In addition to leveraging Spring, developers can deploy applications based on Java technologies, including Plain Old Java Objects, JavaServer Pages, and Java Servlets.
Other components include Force.com Chatter services for collaboration as well as pre-built Force.com services for search, identity, security, workflow, Web services, and mobile deployment.
The Force.com relational database will provide capabilities like scalability, high availability, auto-tuning, and disaster recovery, Salesforce.com and VMware said. The Salesforce.com trusted global infrastructure features such security accreditations as ISO 27001, SysTrust, and SAS70 Type II.
VMware and Salesforce.com are not yet announcing pricing for deploying on VMforce.
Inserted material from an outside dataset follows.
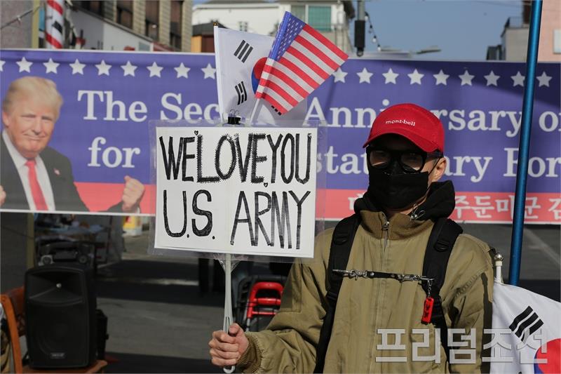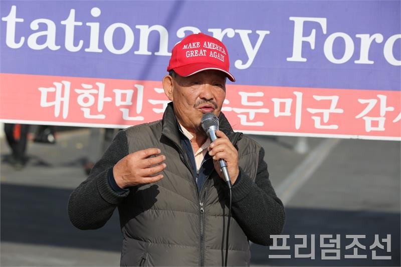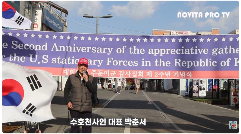 경기도 평택시 팽성읍에 위치한 '캠프 험프리스(Camp Humphreys)' 앞에서 9일 진행된 '대한민국 주한미군 주둔 감사 집회' 제2주년 기념식에서 수호천사 박춘서 대표는 연설을 통해 대한민국의 눈부신 성과와 현재 직면한 위기에 대한 국민들의 각성을 촉구했다.

Salesforce.com also is positioning VMforce as part of the company's so-called "Cloud 2" concept, which involves enabling enterprise applications to have capabilities similar to popular social networks, such as viewing user profiles and seeing their pictures.
Google has enabled Java development on its Google App Engine platform, but Stahl said VMforce is more geared to enterprise applications than Google. Asked if VMforce fills a gap left by the never-launched Sun Cloud service, Stahl said he was not familiar enough with that project, which was canceled by Oracle after it acquired Sun.
Kaplan said he did not see VMforce as a response to the ill-fated Sun Cloud effort. "This is aimed at helping make people more comfortable with using Force.com," Kaplan said.